Sunday, June 21, 2009

What's Wrong With The World, by G. K. Chesterton


After enjoying Chesterton’s collected newspaper columns in Tremendous Trifles, I decided to try another collection of this author’s critical writings, published by the good people at Dover. The back of the book says that the writings in this slim volume were ‘culled from thousands of essays he contributed to newspapers and periodicals over his lifetime’. This doesn’t make sense to me, because the whole book seems entirely cohesive.

There are five parts to the book, each comprising of up to 14 chapters. Each chapter in each section seems to neatly segue into the next, picking up themes and ideas from the previous chapter. So if you’re thinking that this book sounds like a hodge-podge or Chesterton’s writings, think again.

In essence, this is more of Chesterton’s war with the fripperies of modernity. Modern politics, modern thinking on social questions, the primacy of markets over people, fashionable ideologies with no correlation to reality, all are put under Chesterton’s critical lens. The strange effect is to make this adherent to common sense seem almost eccentric.

Reading Chesterton today, he does seem quite mad. And yet, he makes arguments that are amazingly relevant to today. For example, Chesterton talks about the demands of modern capitalism putting too much pressure on families (remember this argument being launched when attacking John Howard’s industrial relations reforms?).

Writes Chesterton: ‘For the plain truth to be told pretty sharply to the Tory is this, that If he wants the family to remain, if he wants it to be strong enough to resist the rending forces of our essentially savage commerce, he must make some very big sacrifices and try to equalise property.’

Chesterton writes in a subtle, poetic manner that demands much attention, and I confess to not always catching his drift. However, I was amazed by how much cheered to read some of his arguments. For example, his ideas on thrift, and how they can necessitate much creativity, is something I’ve long thought about.

‘Thrift is really a romantic thing; economy is more romantic than extravagance.’

And again:

‘Thrift is poetic because it is creative; waste is unpoetic because it is waste. It is prosaic to throw money away because it is prosaic to throw anything away; it is negative; it is a confession of indifference; it is a confession of failure. The most prosaic thing about the house is the dustbin, and the one great objection to the new fastidious and aesthetic homestead is simply that in such a moral message the dustbin must be bigger than the house. If a man could undertake to make use of all the things in his dustbin he would be a broader genius than Shakespeare.’

My god, imagine if Chesterton knew how much stuff we throw out in our own day!

In another section, Chesterton talks about a person’s household being a work of art, as it is the one place where they are free to do exactly what they want.

‘For the mass of men the idea of artistic creation can only be expressed by an idea unpopular in present discussions – the idea of property.

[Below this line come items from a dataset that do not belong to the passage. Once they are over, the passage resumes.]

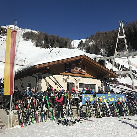 Die Rossbachklause, direkt an der Mittelstation, ist der ideale Ort für eine stärkende Pause. Auf der sonnigen Terrasse lässt es sich herrlich entspannen, während drinnen eine große Auswahl an köstlichen Gerichten auf dich wartet. Hier findest du alles von herzhaften Klassikern bis zu feinen regionalen Spezialitäten – ein Muss für jeden, der Genuss und Skispaß perfekt verbinden will!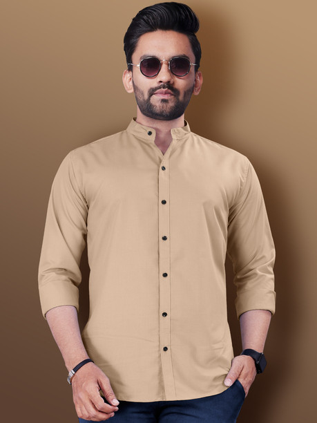 Men Regular Fit Solid Mandarin Collar Casual Shirt
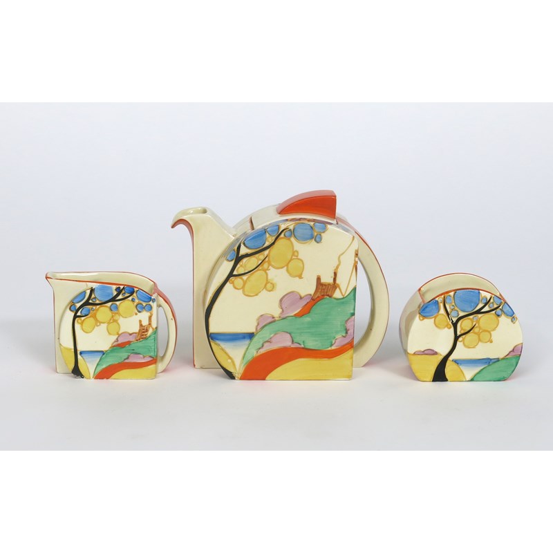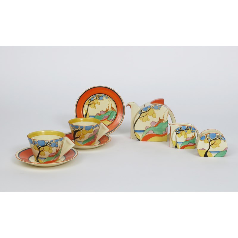 'Orange Secrets' a Clarice Cliff Fantasque Bizarre Stamford tea for two, painted in colours, comprising teapot and cover, milk-jug and sugar basin, two cups, saucers and a side plate printed factory marks, small chip to top rim of one cup, 12cm. high (teapot), (9)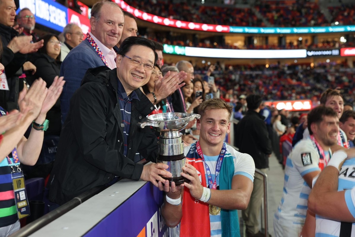 國泰航空A350客機飛越維港,低飛到啟德體育園上空附近。(香港中通社記者洪少葵攝) 香港特區行政長官李家超亦到場觀賽。他形容,場館上蓋打開,天氣雖涼卻無阻高漲熱情;燈光效果、音響設備、充滿活力的佈置一應俱全,球迷的喝彩聲響徹場館,讓這項香港盛事煥然一新。 李家超亦置身其中,和球迷一同喝啤酒、享受賽事,並與男女港隊球員聊天,祝賀他們分別在銀劍賽中奪冠。他表示,香港七欖已是本地旗艦盛事之一,推動香港成為國際體育盛事之都;啟德體育園主場館首場大賽已圓滿“達陣”,作為香港的新主場,期待未來的盛事精彩不斷。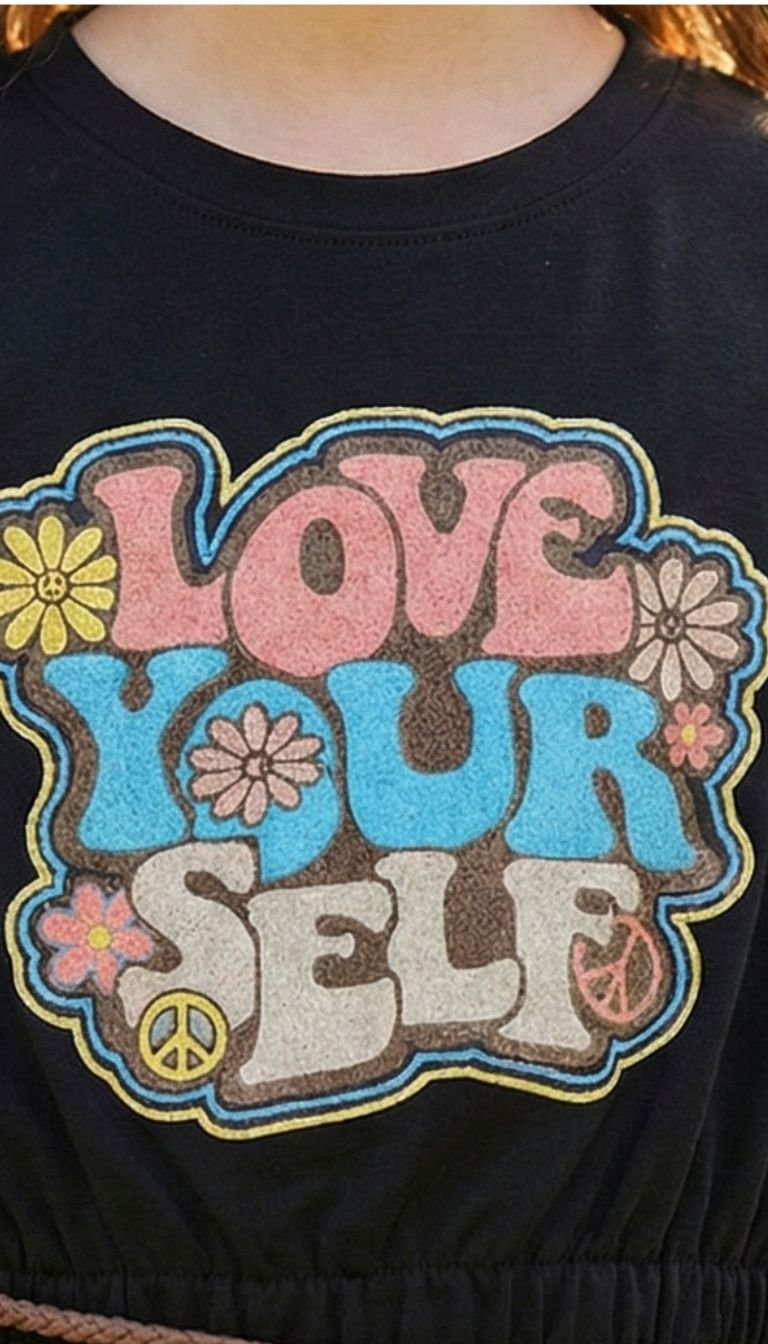 - Features a vibrant 70s-inspired “LOVE YOURSELF” graphic with flowers and a peace sign that really pops on black.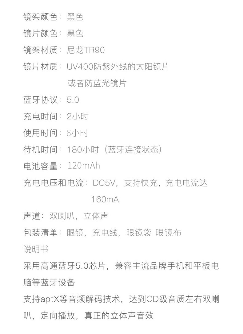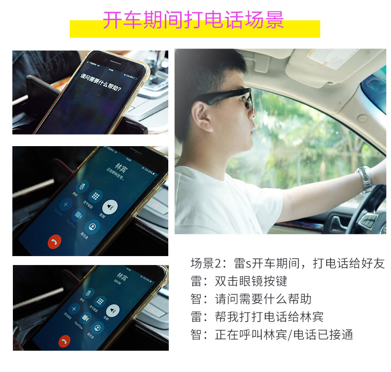 标题:智能蓝牙眼镜骨传导开车无线耳机太阳偏光防蓝光手机音乐听歌运动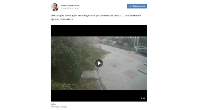 На вечер вчерашнего дня скандальная запись Миненкова по-прежнему была размещена на его странице. Видео посмотрели уже около 9 000 раз, а "лайкнули" более 300 раз.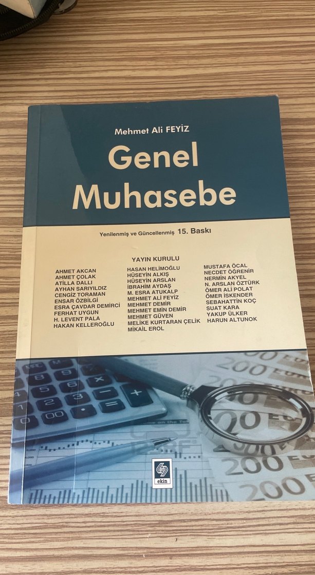 Mehmet Ali Feyiz'in Genel Muhasebe kitabı, temel muhasebe prensiplerini kapsayan ve 15. baskısı güncellenmiş kapsamlı bir kaynaktır. Sadece gösterdigim ilk sayfa çizili haricinde tertemiz herhangi eksik yırtık sayfası yoktur arkasındaki testler bile çözülü değil hiç kullanmadım diyebilirim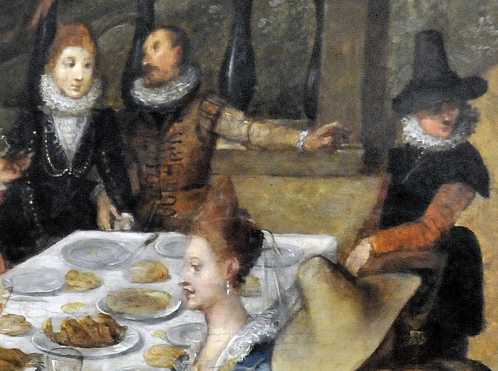 [1] Sebastian Vrancx (Antwerp, 1573 – Antwerp, 1647), An Elegant Company Dining Outdoors, c. 1610–1620. Oil on oak. 91 × 126 cm. Museum of Fine Arts, Budapest, Inv. 58.27. Image from the Museum website.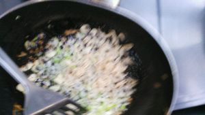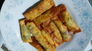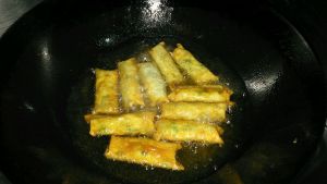 热油放葱姜蒜、虾皮爆香,放切好的豆腐皮、韭菜、蛋饼丝翻炒一下关火,加盐、鸡精调味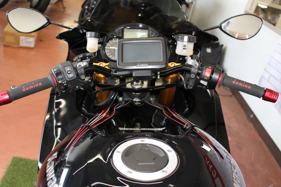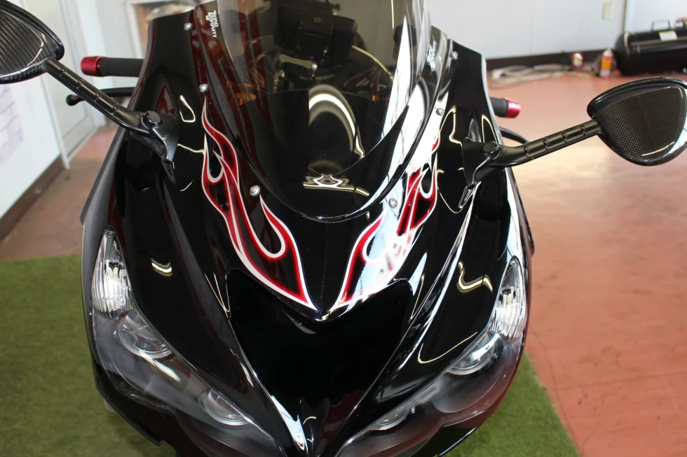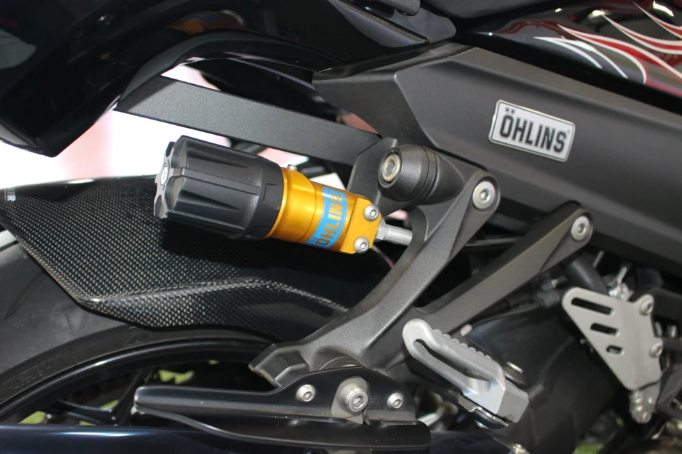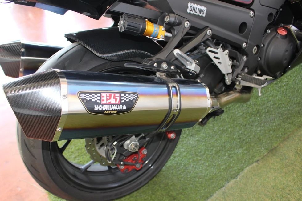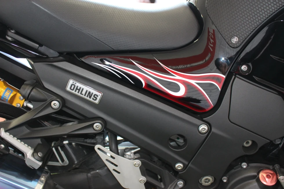 オーリンズサスペンション、ヨシムラマフラー、ハリケーンハンドル、ベビーフェイススライダー、ゼログラビティシールド、フェンダーレス装備!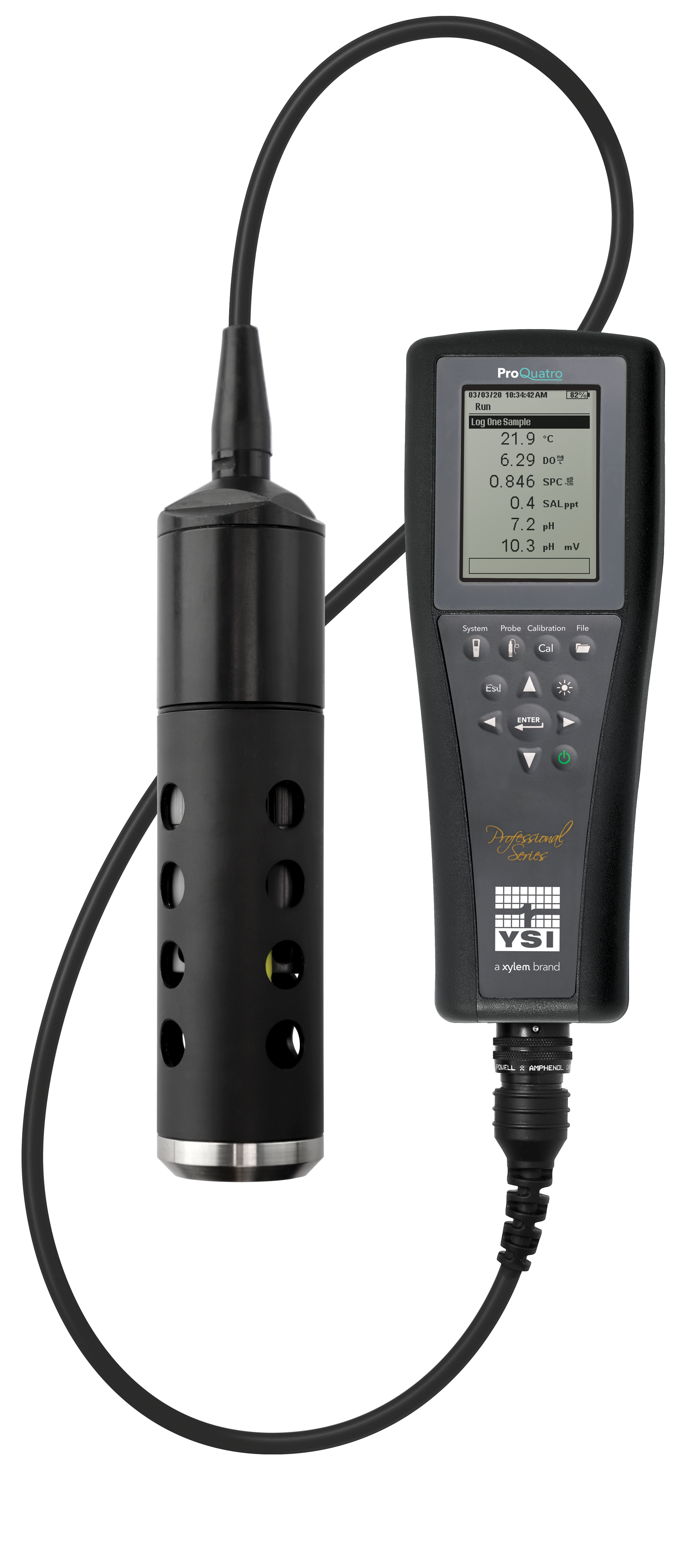 The ProQuatro handheld multiparameter meter measures a variety of combinations of dissolved oxygen, conductivity, specific conductance, salinity, resistivity, total dissolved solids (TDS), pH, ORP, pH/ORP combination, ammonium (ammonia), nitrate, chloride and temperature.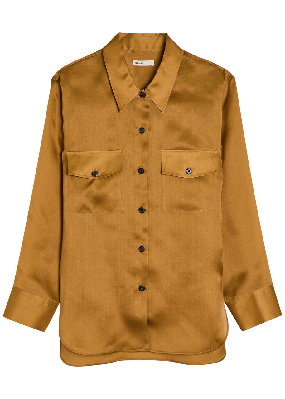 Info & Care Khaite silk-organza shirt Button-fastening cuffs, two button-fastening chest flap pockets, wide box pleat at back, side splits, curved hem Button-fastenings through front 100% silk Dry clean Size & Fit Length shoulder to hem: 29.5 inches/ 75cm Midweight Loose fit Model is 5'10"/ 178cm and wears a size;small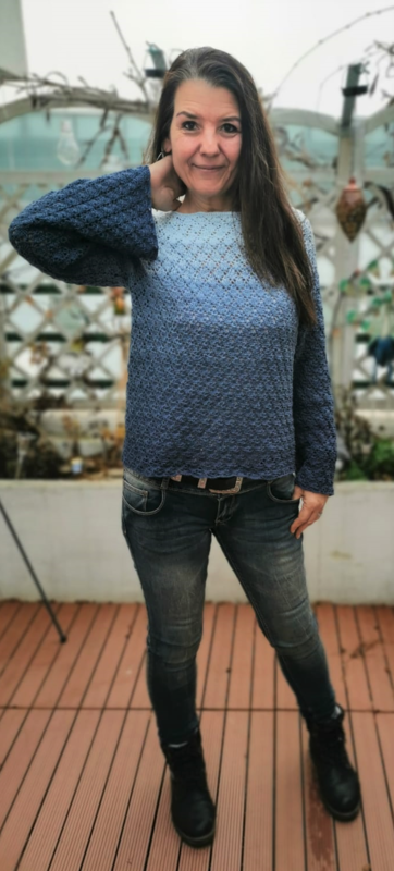 Der Pulli ist ganz einfach zu häkeln und ist auf jeden Fall super bequem und durch das dichte Muster auch alltagstauglich.

The average man cannot cut clay into the shape of a man; but he can cut earth into the shape of a garden; and although he arranges it with red geraniums and blue potatoes in alternate straight lines, he is still an artist; because he has chosen. The average man cannot pain the sunset whole colours he admires; but he can paint his own house with what colour he chooses; and though he paints it pea green with pink spots, he is still an artist; because that is his choice. Property is merely the art of democracy.’

As you can see, Chesterton offers something for all sides of politics. I can imagine John Howard finding that last passage music to his ears. But then he can say things that would most certainly upset the freewheeling capitalists of our age:

‘Certainly, we would sacrifice all our wire, wheels, systems, specialities, physical science and frenzied finance for one half hour of happiness such as has often come to us with comrades in a tavern. I do not say that the sacrifice will be necessary; I only say it will be easy.’

Ah, Chesterton, a haven of common sense in our mad modern era of systems and rationality.